This project involves the implementation of a front-end compiler in Rust for a custom Data-Analysis (DA) language. The project focuses on developing a Lexical Analyzer (Scanner) and a Syntax Analyzer (Parser) to process DA language programs. These components work together to identify and report lexical and syntax errors in the input program and generate output based on the successful analysis.
The Lexical Analyzer scans the input DA program and generates a stream of tokens. It recognizes various elements such as identifiers, numbers, keywords, and symbols based on the DA grammar. The tokens produced are then passed to the Syntax Analyzer for further processing. The scanner adheres to the "hide the head in the sand" error-handling approach, where the process halts immediately upon encountering the first lexical error.
The Syntax Analyzer takes the token stream from the Lexical Analyzer and checks if it adheres to the rules defined in the DA grammar. If the syntax is valid, the analyzer proceeds to the next phase based on the command line flag provided. The parser also follows the "hide the head in the sand" error-handling strategy, stopping at the first detected syntax error.

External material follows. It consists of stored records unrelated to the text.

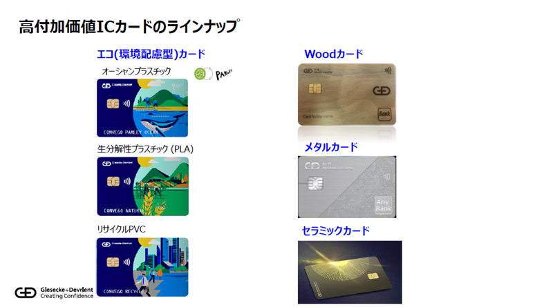 日本でも最近目にするようになってきたエコカードのラインナップを、グローバルで展開しております。海洋廃棄されたプラスチックを使ったオーシャンプラスチックのカード。これはNGOのパーレイというところとのコラボレーションで提供しています。それから土に返るPLAという素材、生分解性プラスチックを使ったカード。リサイクルPVCを使ったカードもグローバルで展開しています。
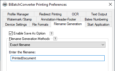 If Exact filename is selected, and a filename with extension is provided, (for example, testfile.jpg) the printed document is named with the .jpg extension and the settings under the File Formats tab are ignored.
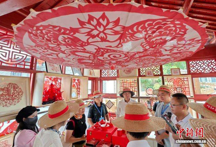 9月16日,海外华文媒体代表在福建省柘荣县靴岭尾村了解剪纸文创品。柘荣剪纸2009年作为中国剪纸组成部分,被联合国教科文组织列入“人类非物质文化遗产代表作名录”。该技艺以阳剪为主,阴剪为辅,风格鲜明,具有很强的地域个性,既保留了原始艺术淳朴、粗拙、刚健、浑厚的特征,又具有细腻、古雅、秀丽、柔美的艺术魅力。
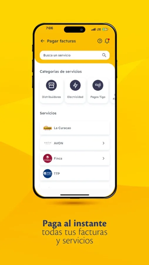 • Pago de facturas de agua, luz, gas y Tigo Hogar. AVON, Azzorti, Banco Azteca, Banco de Antigua, Banco Inmobiliario, BELCORP, Capillas Amanecer, Chepe te presta, Cosami, Credi Operaciones, EEGSA, El gallo más gallo, Energuate, Finca, Flushing, Impulsa-t, Interconsumo, Lacuracaocash, Radioshack , Scentia, Tío Plata, Tropigas, YANVAL.
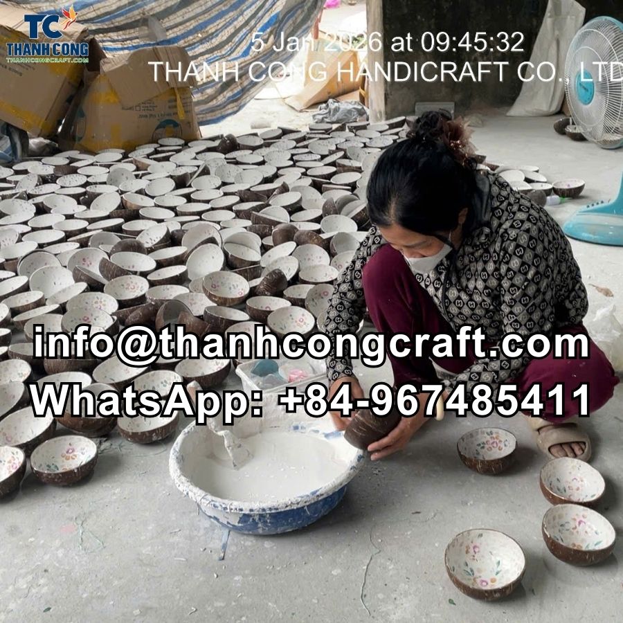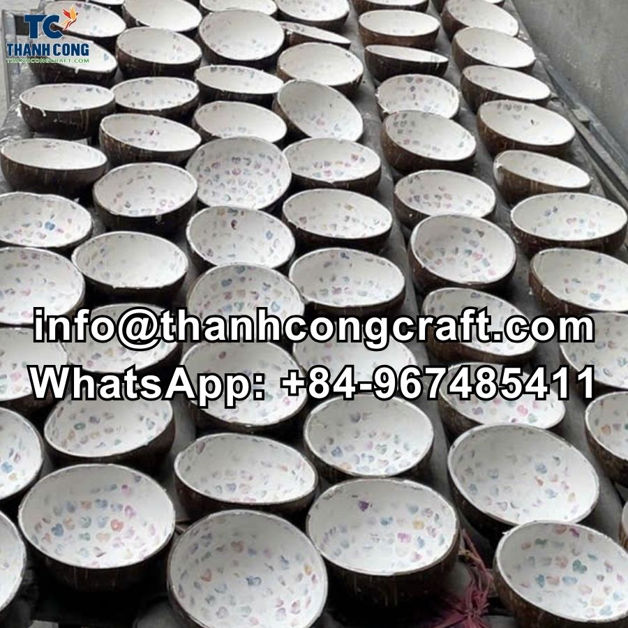 Skilled artisans shape and polish each coconut shell by hand, then add mother-of-pearl inlay. This process creates unique pieces and supports traditional craft communities.
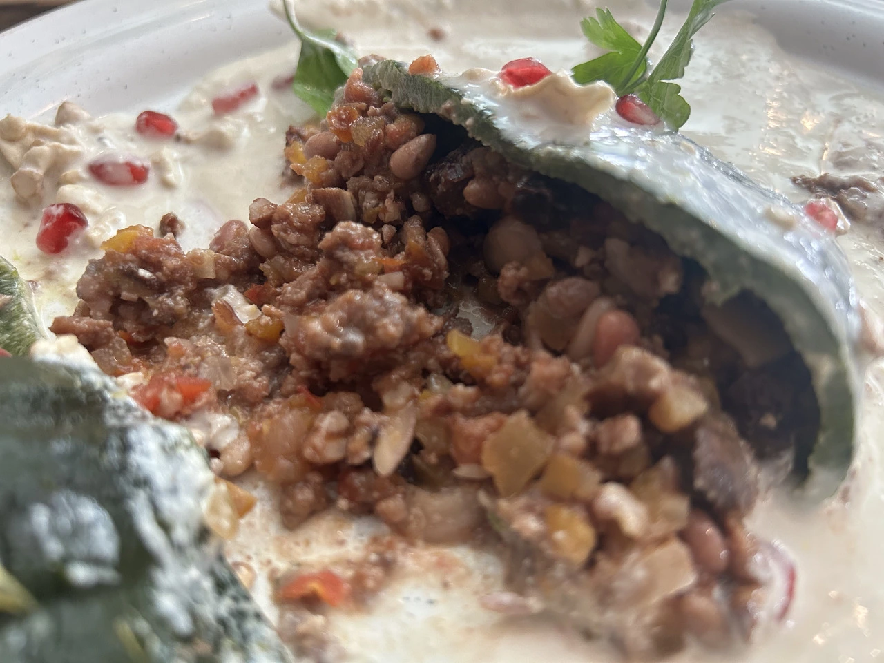 달달한 크림소스에, 다진 고기 조합이라니. 근데, 어라. 작은 땅콩 알갱이를 먹기 위해 아이스크림 전체를 먹는 견과류 열성팬인 내겐 신세계를 열어준 음식이다. 다진 고기 맛도 일품이지만, 거의 반을 채우고 있는 고추 안의 견과류는 음식으로 손이 가는 것을 말리지 못한다. 하얀 소스가 조금이라도 남을라, 접시를 핥고 싶다는 충동을 억누르며 샅샅이 포크질을 하게 된다.
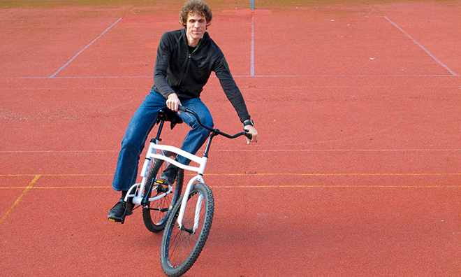 «Damit kann man doch nicht fahren!», denkt der Testfahrer. Denn das «SchwingDing» ist ein Velo mit einem Gelenk mitten im Rahmen und soll für ein neues Fahrgefühl sorgen. Die Fahrt hat trotz leichter Blessuren viel Spass gemacht.
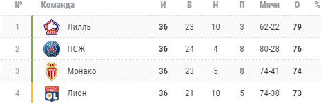 "Лиллю" осталось сыграть с "Сент-Этьеном" и "Анже". ПСЖ встретится с "Реймсом" и "Брестом". "Монако" ждут поединки с "Ренном" и "Лансом". Лионцы сыграют с "Нимом" и "Ниццей".
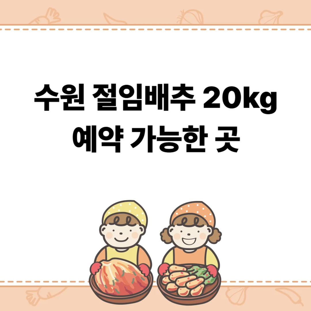 수원에서 절임배추 20kg을 예약하려는 분들을 위해 예약 가능한 경로, 가격·후기 체크포인트, 택배/직접수령 비교와 공동구매 팁을 한 번에 정리했습니다. 아래 카드형 섹션을 따라가며 바로 예약·문의까지 진행하세요.
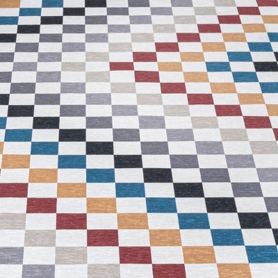 Our bold update to the classic checkerboard has a cheerful cottage feel. It's woven from durable synthetic fibers with a plush chenille texture and cotton backing. This easy-care, washable rug is great for high traffic spaces like a living room, kids room or entry.

Depending on the command line flag provided, the program generates one of the following outputs:
- Scheme Code (
-s
flag): The program generates Scheme code, which can be used by a Scheme interpreter to execute the operations defined in the DA program. - Prolog Queries (
-p
flag): The program generates a series of Prolog queries based on the operations specified in the DA program.
To generate Scheme output:
cargo run input.da -s
Example output:
; Processing Input File input.da
; Lexical and Syntax analysis passed
(define xvalues (read-csv "./file.csv" #f 0))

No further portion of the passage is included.